Problem to work on → Return each line of the listing that has the word "through" in it.

Supplied data →
═══

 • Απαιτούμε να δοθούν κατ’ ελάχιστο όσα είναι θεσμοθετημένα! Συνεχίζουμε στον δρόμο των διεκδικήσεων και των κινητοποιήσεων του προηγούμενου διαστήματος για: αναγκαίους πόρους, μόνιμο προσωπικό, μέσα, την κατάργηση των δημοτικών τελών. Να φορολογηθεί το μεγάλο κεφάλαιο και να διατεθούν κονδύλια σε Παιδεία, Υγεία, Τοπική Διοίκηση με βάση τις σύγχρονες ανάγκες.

═══

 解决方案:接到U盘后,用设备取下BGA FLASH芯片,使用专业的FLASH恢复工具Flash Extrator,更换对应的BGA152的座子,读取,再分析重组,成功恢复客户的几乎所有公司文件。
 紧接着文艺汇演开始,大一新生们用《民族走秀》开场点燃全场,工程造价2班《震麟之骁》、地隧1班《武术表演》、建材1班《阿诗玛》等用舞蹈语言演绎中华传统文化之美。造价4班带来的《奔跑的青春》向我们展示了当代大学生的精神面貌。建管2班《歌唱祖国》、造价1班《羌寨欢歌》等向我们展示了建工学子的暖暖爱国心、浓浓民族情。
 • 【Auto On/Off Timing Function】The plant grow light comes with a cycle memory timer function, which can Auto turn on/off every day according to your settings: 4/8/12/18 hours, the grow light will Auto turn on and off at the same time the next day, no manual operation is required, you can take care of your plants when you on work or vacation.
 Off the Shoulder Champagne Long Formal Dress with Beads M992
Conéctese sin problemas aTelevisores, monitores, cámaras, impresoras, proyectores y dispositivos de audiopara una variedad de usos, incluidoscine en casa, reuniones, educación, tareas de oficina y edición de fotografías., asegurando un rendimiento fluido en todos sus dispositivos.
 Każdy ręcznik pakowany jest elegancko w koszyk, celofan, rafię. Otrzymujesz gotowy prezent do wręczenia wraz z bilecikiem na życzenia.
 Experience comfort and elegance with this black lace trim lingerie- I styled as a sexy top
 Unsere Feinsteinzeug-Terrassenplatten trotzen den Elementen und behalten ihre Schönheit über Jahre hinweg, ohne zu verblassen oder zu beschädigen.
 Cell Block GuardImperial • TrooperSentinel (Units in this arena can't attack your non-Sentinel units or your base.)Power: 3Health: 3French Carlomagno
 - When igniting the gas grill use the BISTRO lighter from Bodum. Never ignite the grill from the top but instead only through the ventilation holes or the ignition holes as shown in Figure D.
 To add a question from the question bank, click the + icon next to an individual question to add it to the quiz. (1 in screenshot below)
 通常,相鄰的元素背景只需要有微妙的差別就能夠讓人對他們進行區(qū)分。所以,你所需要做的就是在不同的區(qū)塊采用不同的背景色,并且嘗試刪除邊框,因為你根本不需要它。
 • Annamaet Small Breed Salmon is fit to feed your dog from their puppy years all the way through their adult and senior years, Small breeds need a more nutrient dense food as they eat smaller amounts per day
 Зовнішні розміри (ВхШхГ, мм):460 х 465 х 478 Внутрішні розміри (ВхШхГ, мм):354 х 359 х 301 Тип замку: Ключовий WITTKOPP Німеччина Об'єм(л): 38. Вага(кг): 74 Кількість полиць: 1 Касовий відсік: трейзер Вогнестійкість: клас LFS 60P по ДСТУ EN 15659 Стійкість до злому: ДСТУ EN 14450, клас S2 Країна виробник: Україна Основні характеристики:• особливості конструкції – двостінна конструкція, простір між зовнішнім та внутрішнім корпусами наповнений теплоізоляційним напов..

═══

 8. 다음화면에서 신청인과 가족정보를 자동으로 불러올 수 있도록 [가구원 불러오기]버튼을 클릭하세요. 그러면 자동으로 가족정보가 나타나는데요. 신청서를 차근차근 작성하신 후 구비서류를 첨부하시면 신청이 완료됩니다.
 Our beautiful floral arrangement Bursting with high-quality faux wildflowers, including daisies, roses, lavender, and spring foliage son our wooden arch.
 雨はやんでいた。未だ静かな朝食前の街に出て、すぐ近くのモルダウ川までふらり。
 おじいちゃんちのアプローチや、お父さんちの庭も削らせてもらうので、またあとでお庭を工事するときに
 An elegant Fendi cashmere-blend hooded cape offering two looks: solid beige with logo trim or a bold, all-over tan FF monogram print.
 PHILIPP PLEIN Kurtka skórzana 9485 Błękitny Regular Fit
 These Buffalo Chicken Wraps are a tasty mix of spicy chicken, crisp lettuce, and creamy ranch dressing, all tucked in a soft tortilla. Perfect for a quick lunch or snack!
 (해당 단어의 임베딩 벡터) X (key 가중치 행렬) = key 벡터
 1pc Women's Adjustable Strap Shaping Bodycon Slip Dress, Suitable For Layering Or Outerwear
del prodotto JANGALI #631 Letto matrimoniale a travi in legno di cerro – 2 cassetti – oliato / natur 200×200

═══

Solution →
 - When igniting the gas grill use the BISTRO lighter from Bodum. Never ignite the grill from the top but instead only through the ventilation holes or the ignition holes as shown in Figure D.
 • Annamaet Small Breed Salmon is fit to feed your dog from their puppy years all the way through their adult and senior years, Small breeds need a more nutrient dense food as they eat smaller amounts per day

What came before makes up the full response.